# its lonely in here



## Nate (Jan 7, 2004)

but i will do my part and wait it out as long as i can


----------



## Nate (Jan 7, 2004)

time keep on slippin, slippin, slippin into the future


----------



## jsjs24 (Jan 7, 2004)

Where is everyone?

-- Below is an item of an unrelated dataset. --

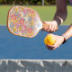 You'll be playing in style with this cool pickleball paddle featuring a hippie-style inspired design of happy, colourful flowers. Add 3 lines of custom text - name, monogram, pickleball club name, company name, location, phone number, etc. A perfect gift for kids, parents, grandparents, friends, clients, bridal party, beginners and experienced players alike - you're sure to be the talk of the pickleball court.

I'm getting ready to go to work.


----------



## Nate (Jan 7, 2004)

i gotta go eat 

oh yeah What up JS


----------



## jsjs24 (Jan 7, 2004)

What's up Nate, I'm off to work bro...take care.


----------



## Nate (Jan 7, 2004)

C'ya Js


----------



## Nate (Jan 8, 2004)

Tick tock,tick..........tock >crickets chirping< tick .......... tock  -_-


----------



## MYRICK (Jan 8, 2004)

HELLO CAN U HEAR ME NOW


----------



## Nate (Jan 8, 2004)

since you type in caps "YES I CAN"


----------



## MYRICK (Jan 8, 2004)

HOW THE HELL CAN U HEAR ME TYPING


----------



## Nate (Jan 8, 2004)

i have an overly sensitive set of ear drums.......duhhh :blink:


----------



## jack hust (Jan 8, 2004)

im here but it  is quite around


----------



## Nate (Jan 8, 2004)

i'm back, maybe today will be a lil more exciting <_<


----------



## Friggemall (Jan 8, 2004)

Everytime I come over, I'm the only one here.  I showered and everything?


----------



## Nate (Jan 8, 2004)

i'm always the only one here, is it me you guys are avoiding like the plague?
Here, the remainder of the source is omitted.